La tormenta de huevos ha encendido los ánimos. Algunas de las mujeres se han encarado con la policía y con un grupo de hombres que les recriminaban cosas: tápate, son unas putas, si yo fuera tu hermano, adónde vas con ese cuerpo, en mis tiempos. Los hombres [cualquier verbo conjugado en tercera persona del plural] cosas. Si algo he aprendido durante estos meses de continuada exposición al universo reivindicativo de las cuestiones feministas es que, sea cual sea la demanda de las participantes, siempre se les puede recriminar que sean mujeres. Esto puede sonar grotesco, pero funciona. Funciona tan bien que frente a una denuncia a priori irreprochable como «Nos queremos vivas» se puede responder, sin preámbulos ni matices, «Algo habrán hecho». No en redes sociales, desde luego, donde el agresor es inmediatamente deshonrado por la masa social que representa el espíritu de lo correcto, pero sí en la calle, protegido entre los muchos rostros de la consternación, como en un campo de fútbol. A este tipo de actos asisten hombres y mujeres de distintas edades, clases e ideologías, y es relativamente fácil gritar un improperio cualquiera, «Deberías estar cocinando», por ejemplo, y encontrar, poco después, una cara amiga que comparta la tesis, una sonrisa cómplice, un guiño. Tú sí que sabes, compañero. Así se habla. A los hombres también se nos da muy bien ser solidarios.

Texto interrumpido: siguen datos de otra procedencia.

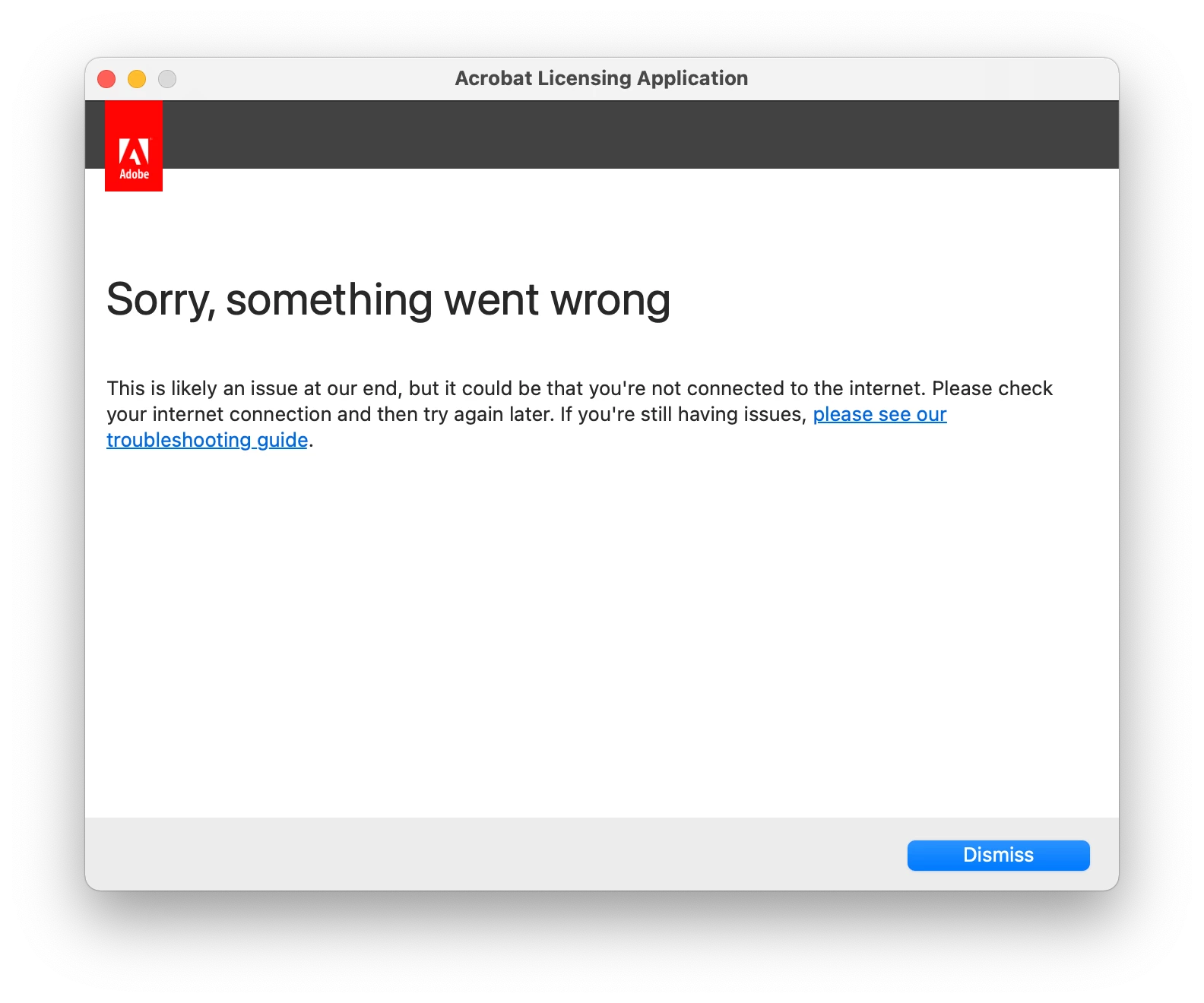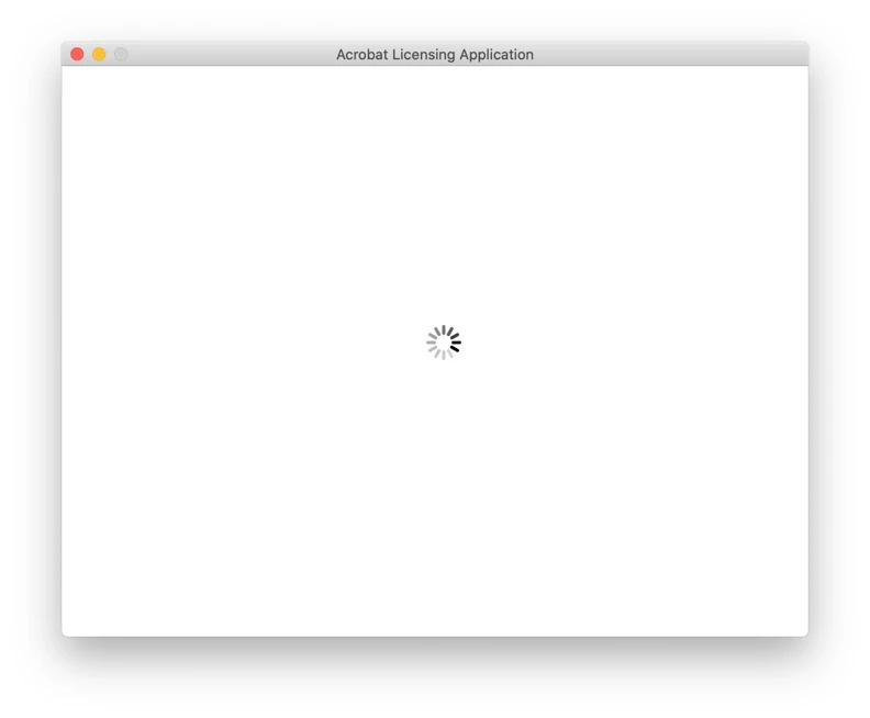 最近、Macを買い換えたため、新しいMacにAdobe Acrobat Classic 2015(Acrobat Pro DC 2015)をインストールしましたが、ユーザーのログイン画面で待機状態(Actobat Licensing Application Window中心に丸い表示が回ったまま)となり、進めません。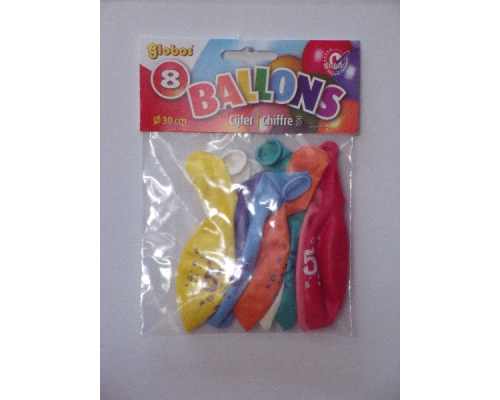 Ballonnen cijfer 5 no. 12 eenzijdig met 8 stuks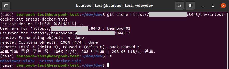 $ git clone .git경로 생성할폴더이름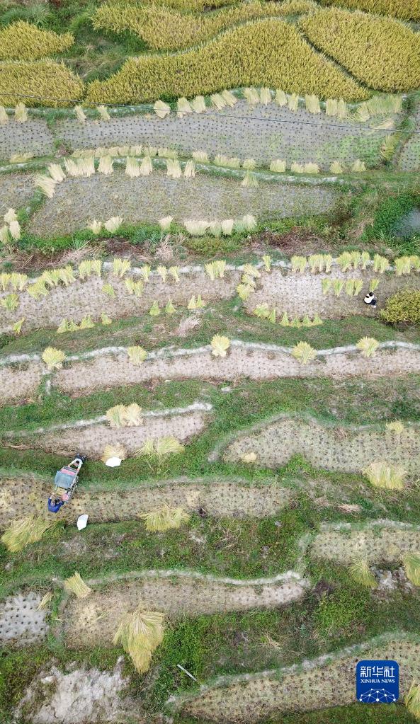 金秋時節,湖南省婁底市新化縣紫鵲界梯田的水稻進入成熟收割期。紫鵲界梯田是世界灌溉工程遺產和全國首批19個重要農業文化遺產之一,梯田層層疊疊連綿起伏。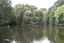 ![]() The ornamental pond, island and viewing platform in Manor House Gardens, Lee | |

-La pelirroja está muy buena -me dice Gonzo.

La gorra ha sacado las macanas y la gente ha empezado a correr. Miro a mis compañeros y confirmo que no nos quedan huevos. Misión cumplida. Hemos desarrollado un poderoso lenguaje gestual con el que podemos informarnos unos a otros de cualquier incidencia durante la batalla, de manera que les propongo salir de la aglomeración y volver al auto, antes de que un despiste al correr o un cachiporrazo bailando al azar entre la multitud nos haga daño. No obstante, mientras me alejo rápidamente de la zona en la que dos policías intentan separar a varias manifestantes de un hombre mayor que alza su puño como un adolescente, observo cómo casi todas las mujeres empiezan a vestirse. No parecen satisfechas, y su expresión denota una tristeza trágica, la pura simplicidad de la derrota. Todas excepto una, aparentemente joven, que permanece desnuda en un rincón, desafiante. Nos mira huir de una forma que reconozco y le hago señas para que se fije en mí. Cuando lo hace, me bajo el trapo que me cubre la cara, le mando un beso y le enseño el dedo corazón.

-¡Puta! -le grito.

Ella ni nadie aún no lo sabe, pero está a punto de dar el paso.